Nandini Das is Professor of Early Modern English Literature and Culture at Oxford University, Fellow of Exeter College, and Honorary Professor of English Literature at Liverpool University. Exploring both literature and cultural history, Nandini has published widely on sixteenth and seventeenth century literature and cross-cultural encounter, and regularly presents television and radio programmes, most recently on the BBC 2’s Art that Made Us series. Her next book on the first English embassy to India will be out with Bloomsbury in 2023.
First, you see the fields. A long, thin track stretches out, wide open expanse on either side that you glimpse through high hedges. Then there is the farm. In the back of the car, a little voice that has been quiet for the last few miles pipes up. Is the very old house really here, it wonders loudly. We wonder too.
It would be easy to miss our destination if it was not for the high Jacobean chimney raising its beckoning arm against the sky from the side of the road. In the spring sunshine, the diamonds and stripes of the Langley Gatehouse’s timber frame is a faded silvery grey; its plaster gleams as white as the wool of the half dozen curious lambs who have come up on the other side of the fence. There is a brief, serious face-off between Small Child and one of their little gang, each observing the other with tentative interest.
Once upon a time this gatehouse was a threshold, part of the fortified manor of the medieval family that gave their name to the neighbouring village of Acton Burnell. Then came the Lees. Under the new king James I in the early 1600s, like any self-respecting family rising steadily up the social ladder, they left their mark through a spot of home improvement. Now, after more than four hundred years, nothing remains of the low, rambling buildings of Langley Hall that their smart new gatehouse was supposed to guard. The manor turned into farmhouse by the eighteenth century, and crumbled to dust by the late nineteenth. But the sturdy Jacobean brick and stone and timber of the gatehouse persisted stubbornly.

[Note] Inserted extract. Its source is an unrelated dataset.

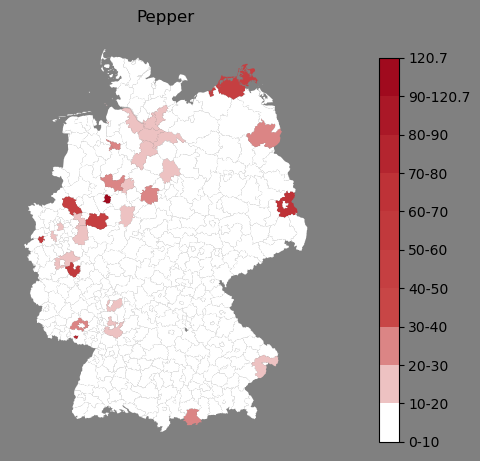 Absolute Verteilung des Namens Pepper (1890)Direkt zur Karte Absolute Verteilung des Namens "Pepper" um 1890 im damaligen Deutschen Reich Sie können die Karte innerhalb des Fensters zoomen und verschieben. |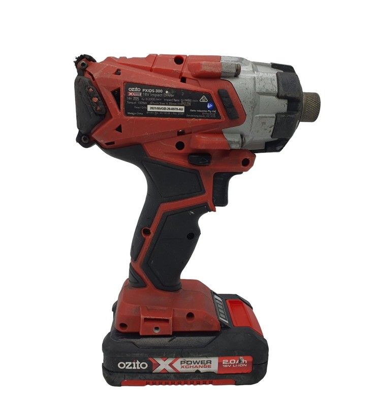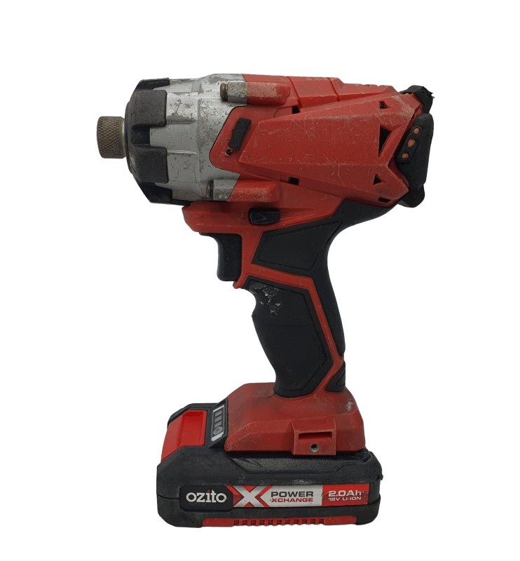 This Ozito PXIDS-300 cordless impact driver is a powerful and versatile tool for a variety of drilling and fastening tasks. With an 18V battery, it delivers impressive torque and impact force to tackle even the toughest jobs. Designed for convenience, this impact driver is cordless for maximum mobility. While it shows signs of heavy use, it remains in functional condition and ready to assist with your next project.

Langley Gatehouse before restoration
Later one evening, safely ensconced on the squashiest of armchairs in the living room, we look at an album full of old photographs of its restoration – a crooked, gap-toothed structure slowly fleshed out again into a habitable space and home. In the meantime, with a magpie’s eye for shiny new things, Small Child has collected a new word: Jacobean. King James I, lugubrious in the pack of historical Top Trumps cards, is scrutinised with renewed interest. The timber frame is originally Jacobean, and yes, the gables are Jacobean too, and so are the slates on the roof. No, the cooker definitely is not Jacobean, and neither is the fridge. Nooks and crannies are explored for treasure, and walls and woodwork inspected. The gatehouse is a threshold still. Little feet patter in and out of time across its lopsided oak floorboards throughout our stay.
There is much to do. We catch up with friends around the kitchen table, and wave at the friendly dog-walker on the roadside as we set out on yet another trip. There are conversations with our neighbour the old farmer as Small Child eyes the feed he is serving to the lambs for breakfast. Little wisps of wool come floating over the fence in the morning breeze as they speak.
Over the last two years, as the pandemic squeezed and moulded our everyday lives into newly unfamiliar boundaries, I had been writing a book about Jacobean England and the earliest days of the East India Company. But I kept getting caught up in stories of ordinary English lives, and their tangled threads of marriages and friendships, chance meetings and links of obligation, forged over generations. Perhaps it was the enforced isolation that made me return to it so obsessively – a shimmering, nearly invisible network of everyday living and connections, tenuous and circumstantial, holding up the entire web of history, trade and adventuring, government and politics.
There is an invisible network of community and human contact that holds Langley together too, and its threads run across the past and the present. At the top of the instantly recognisable volcanic silhouette of the Wrekin that we can see out of one window, there was once an Iron Age hill fort and settlement. Past the village of Acton Burnell are the traces of a Roman road, superimposed on an even older thoroughfare. One afternoon we clamber across the furrows of the field next to the gatehouse to get to the spot where a chapel had stood since the fourteenth century. The current chapel, now restored, is a perfectly preserved Tudor time-capsule. For over four hundred years as monarchs changed and civil war raged, its rough wooden box pews and whitewashed walls, decorated with a smattering of Tudor roses and fleurs-de-lis, marked a space where manor lord and village folk, farmers and craftsmen, had been baptised and wedded, lost and mourned.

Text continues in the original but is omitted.